In recent years, the intersection of RL with foundation models has opened up new avenues for research and application. Foundation models, trained on broad datasets using large-scale self-supervision, can be adapted to a wide range of downstream tasks. The integration of RL techniques with foundation models has led to innovations such as reinforcement learning from human feedback (RLHF), which plays a key role in the development of advanced language models like ChatGPT.
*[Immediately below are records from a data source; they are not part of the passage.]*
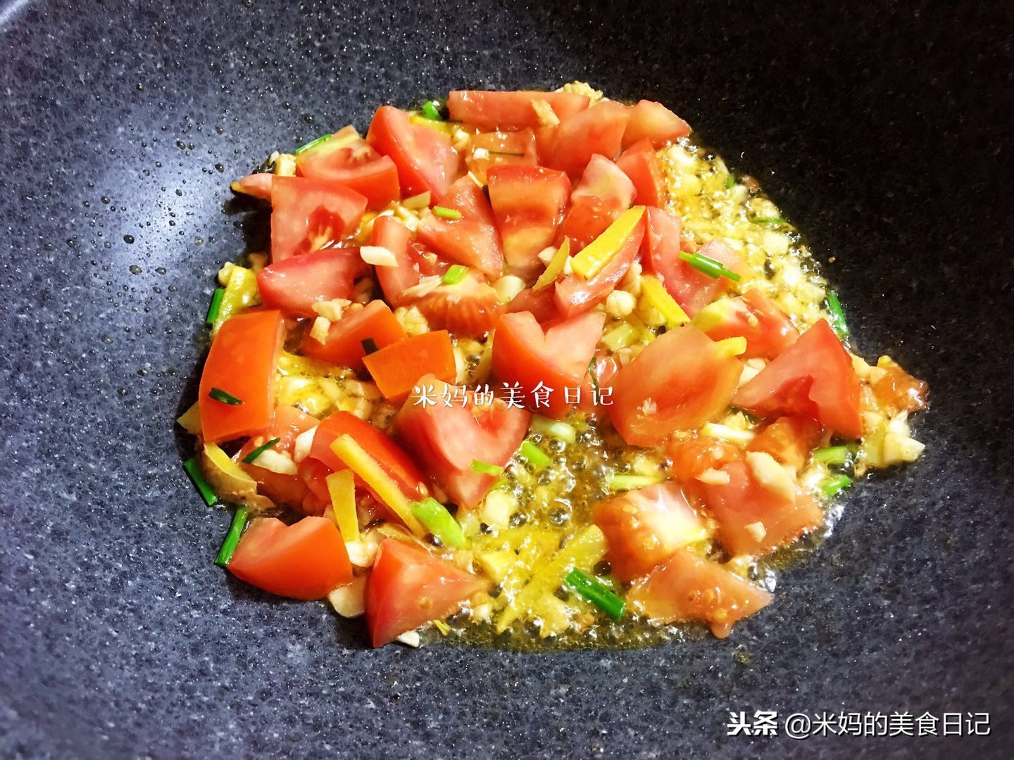 7.最后加入少许葱花和盐调味,如果喜欢汤汁少点的,这个时候可以大火收汁了。一般我喜欢汁多点的,孩子吃喜欢用番茄汁拌饭吃,可鲜啦~
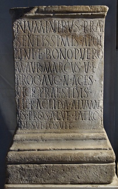- Numinibus prae/sentissimis Apol/lini et Bono Puero / M(arcus) Aur(elius) Marcus v(ir) e(gregius) / proc(urator) Aug(usti) n(ostri) age(n)s / vice praesidis / Heraclida alumn/us pro salute patro/ni sui posuit
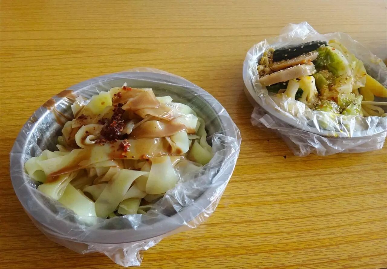 人不多的话,一分钟左右就可以装好了,味道咸香,面筋是很厚实很紧致的口感,辣椒依旧很辣。五块一小碗,六块一大碗,都可以吃得饱饱的啦。
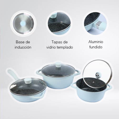 Material: Aluminio Fundido Incluye: 1 cacerola 20 cm con tapa 1 arrocera 24 cm con tapa 1 cacerola 26 cm con tapa
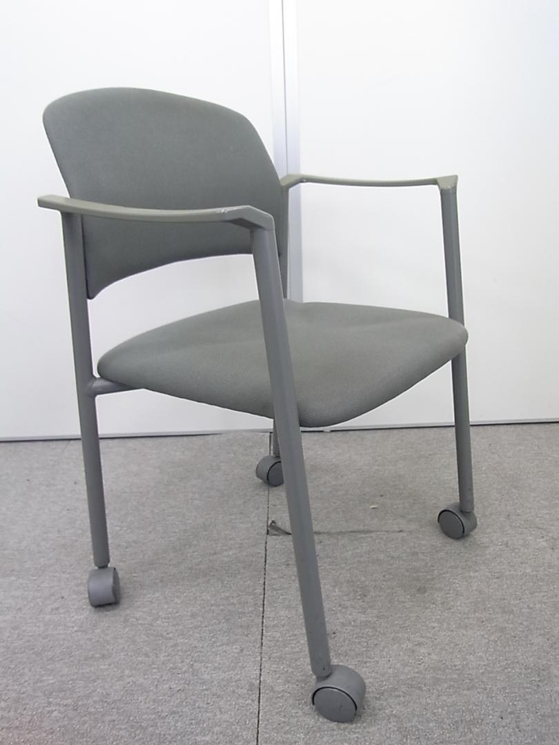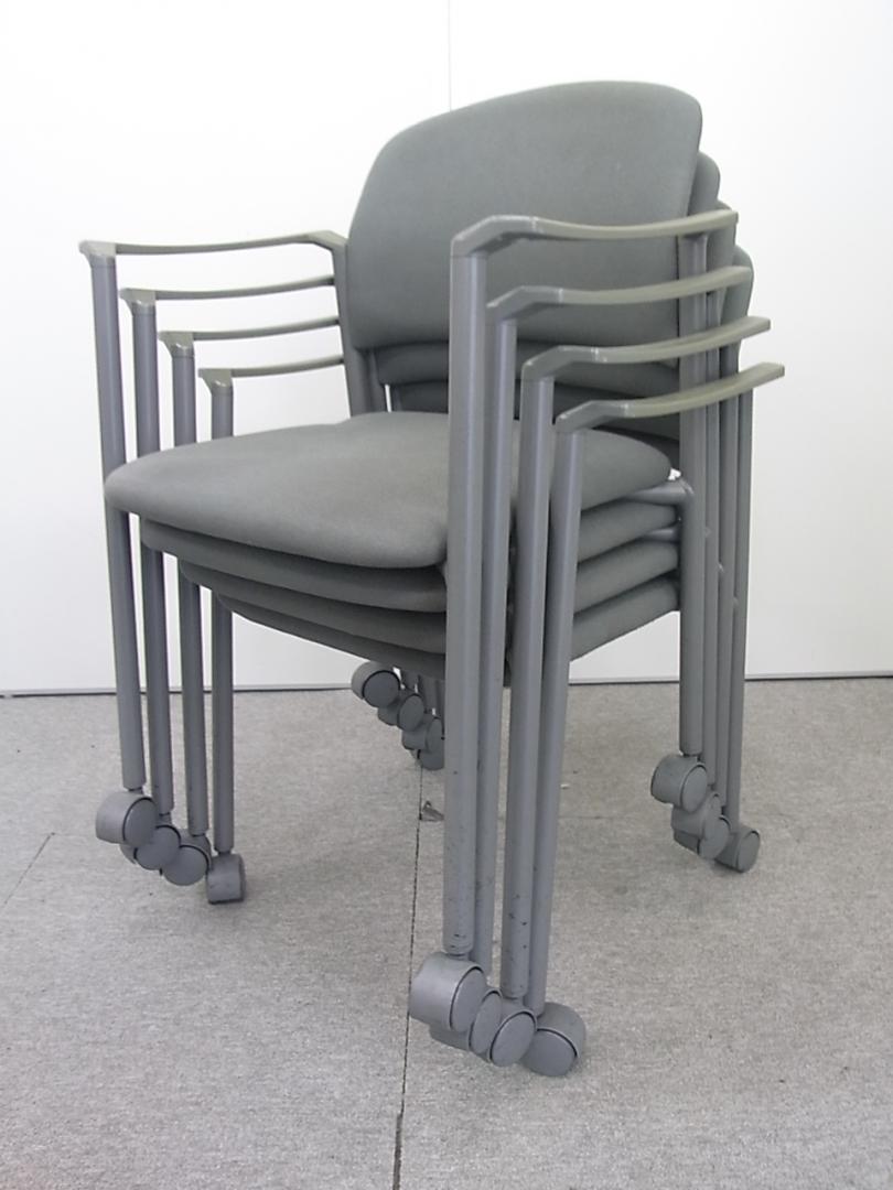 【4脚入荷】キャスター付きのミーティングチェア■汚れも目立ちにくいグレー色 使用しないときは重ねて収納も可能です!- 在庫数

Looking ahead, RL continues to evolve and find new applications in the era of foundation models. Researchers are exploring ways to leverage these models to enhance RL’s efficiency in robotic manipulation and other tasks. The combination of RL with foundation models holds promise for addressing long-standing challenges such as sample efficiency and generalization. With ongoing advancements and the potential for further breakthroughs, the work of Barto and Sutton remains at the forefront of AI research, driving progress in machine learning and artificial intelligence.

🔎 AI Research

Code Arena

In the paper “CodeArena: A Collective Evaluation Platform for LLM Code Generation” researchers from Nanyang Technological University, National University of Singapore, The University of Hong Kong, Monash University, and ByteDance introduce CodeArena, an online framework for evaluating LLM code generation using a collective evaluation mechanism that dynamically adjusts model scores to mitigate biases from benchmark leakage. The platform also provides open access to solutions, test cases, and automation-friendly APIs to streamline code evaluation.

LLM Cognitive Primitives

In the paper“Cognitive Behaviors that Enable Self-Improving Reasoners, or, Four Habits of Highly Effective STaRs” researchers from Stanford University and SynthLabs investigate the intrinsic properties that enable effective self-improvement in language models, analyzing cognitive behaviors such as verification, backtracking, subgoal setting, and backward chaining. The study finds that models exhibiting these reasoning behaviors from the outset can achieve substantial improvements through reinforcement learning.

Better Instruction Tuning

In the paper “Large-Scale Data Selection for Instruction Tuning” researchers from University of Washington and Allen Institute for AI present a systematic study on how data selection methods scale for instruction-tuning language models, selecting up to 2.5M samples from pools of up to 5.8M samples. They found that a variant of representation-based data selection (RDS+) consistently outperforms more complex methods across all settings while being more compute-efficient.

MultiAgentBench

In the paper“MultiAgentBench : Evaluating the Collaboration and Competition of LLM agents” researchers from University of Illinois Urbana-Champaign introduce MultiAgentBench, a benchmark designed to evaluate LLM-based multi-agent systems across diverse, interactive scenarios, measuring task completion and the quality of collaboration and competition. The framework uses milestone-based key performance indicators and evaluates various coordination protocols and strategies.

Union of Experts

In the paper “Union of Experts: Adapting Hierarchical Routing to Equivalently Decomposed Transformer”, ressearchers from from Dalian University of Technology introduce Union-of-Experts (UoE), which decomposes a transformer into an equitant group of experts and implements selective routing on input data and experts, enhancing model performance and computational efficiency. The UoE model incorporates innovations such as equitant expert decomposition, patch-wise data selection, expert selection strategies, and parallel implementation, demonstrating superior performance in image and natural language tasks compared to full attention models and other MoEs.

START

In the paper “START: Self-taught Reasoner with Tools”, researchers from Alibaba Group introduce START (Self-Taught Reasoner with Tools), a novel tool-integrated long CoT reasoning LLM that enhances reasoning by leveraging external tools. START uses a self-learning framework with Hint-infer and Hint Rejection Sampling Fine-Tuning (Hint-RFT) to achieve high accuracy on PhD-level science QA, competition-level math benchmarks, and the competition-level code benchmark.